## Try it
Give back exactly the lines of the material below that start at the line containing "另外金鱼可以吃到多重加成,比" and end at the line containing "(A) 47 个治疗前肿瘤中的体细胞和种系突变以及匹配的种系", and no others.

## Given records
§

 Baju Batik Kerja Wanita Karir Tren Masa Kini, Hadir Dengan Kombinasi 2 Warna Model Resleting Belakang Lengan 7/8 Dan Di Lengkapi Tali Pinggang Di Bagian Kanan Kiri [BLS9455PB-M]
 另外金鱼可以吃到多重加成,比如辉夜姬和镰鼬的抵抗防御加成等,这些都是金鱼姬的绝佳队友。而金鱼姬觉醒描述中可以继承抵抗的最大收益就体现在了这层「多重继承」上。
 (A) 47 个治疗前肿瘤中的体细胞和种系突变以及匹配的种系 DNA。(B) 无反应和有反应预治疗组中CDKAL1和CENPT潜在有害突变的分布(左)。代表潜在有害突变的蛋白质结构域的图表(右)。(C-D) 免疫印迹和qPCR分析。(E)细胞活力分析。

§

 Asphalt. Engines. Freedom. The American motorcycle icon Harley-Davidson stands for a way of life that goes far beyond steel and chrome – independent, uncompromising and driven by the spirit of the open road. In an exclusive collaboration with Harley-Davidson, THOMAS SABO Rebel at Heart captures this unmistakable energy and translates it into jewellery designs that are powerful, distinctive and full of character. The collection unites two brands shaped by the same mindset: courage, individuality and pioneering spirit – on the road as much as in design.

§

## Result below
 另外金鱼可以吃到多重加成,比如辉夜姬和镰鼬的抵抗防御加成等,这些都是金鱼姬的绝佳队友。而金鱼姬觉醒描述中可以继承抵抗的最大收益就体现在了这层「多重继承」上。
 (A) 47 个治疗前肿瘤中的体细胞和种系突变以及匹配的种系 DNA。(B) 无反应和有反应预治疗组中CDKAL1和CENPT潜在有害突变的分布(左)。代表潜在有害突变的蛋白质结构域的图表(右)。(C-D) 免疫印迹和qPCR分析。(E)细胞活力分析。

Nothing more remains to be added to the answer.